Richard no les prestó atención. "Póngase los zapatos, mujer. Tenemos que llegar al campamento antes de que el bastardo muera."
"¿Acampada?" Ella rápidamente se puso los zapatos y se ató su pelo con una cuerda de cuero. "¿Me está llevado al campamento del Rey Harold?"
"Harold está muerto. Todos están muertos. Estamos vencidos." Agarró su muñeca otra vez y tiró de ella hacia la puerta. "Pero no daré un esclavo a los Normandos. Usarás sus habilidades para curar al Sarraceno o cortaré su bonita garganta."
"¿Sarraceno?" No entendió nada. Eran Normandos quienes habían derrotado al inglés y aún Richard deliraba sobre infieles. "No puedo dejar Redfern. Su esposa ha estado muy enferma desde que se marchó para unirse a Harold. Tiene fiebre cada noche y debo-"
"Es tonta. ¿No comprende que todo ha cambiado? Ella no importa. Todo se fue. Hemos perdido -" Él cortó y comenzó a sacarla de la habitación.

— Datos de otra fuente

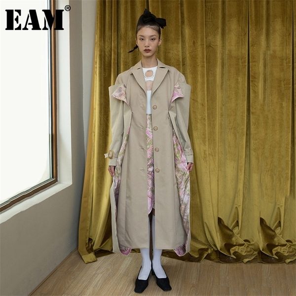 [eam] women khaki printed vent long trench new lapel long sleeve loose fit windbreaker fashion tide autumn winter 1da929 201031, Tan;black
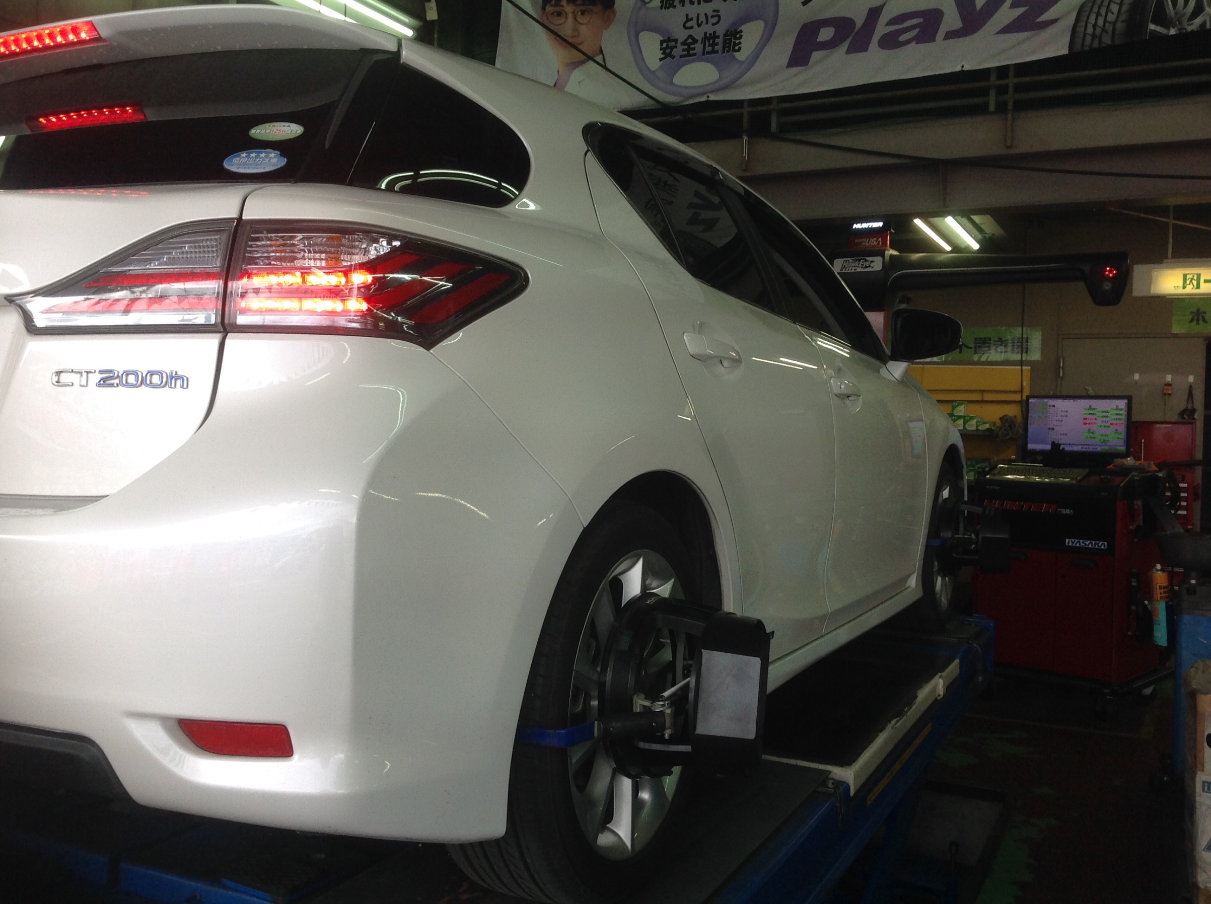 アライメント実施☆ ポスト 2017年4月8日 今日のこせ店では アライメント調整をしています。 お車はレクサスのCT200h ハンドルが左に流れるという症状があり ご予約頂き、ご来店されました。 軸がずれてしまう原因は 縁石にぶつけてしまったり 車止めにぶつかってしまったり 乗り上げてしまったり様々ですが 運転中に何度もハンドルをなおしたり ストレスを感じる場合には アライメント調整をお勧めします! アライメント作業は随時予約受付中!! お電話にてお問い合わせ下さいね!

"¡Espere! Mi bolso de hierbas." Ella sólo tuvo tiempo para arrebatar la bolsa grande de cuero antes de que él la sacara de la habitación, a través del pasillo, y al establo.
Ella recibió una impresión confusa de soldados que llevando brillantes antorchas ardiendo. Los criados y comerciantes se agruparon en grupos asustados contra las paredes. Los caballos se movían agitadamente, su aliento surgía en el aire frío.
Un soldado montó a caballo adelante, la armadura brillaba al frío y lucía a la luz de las antorchas. "¿Es la mujer?"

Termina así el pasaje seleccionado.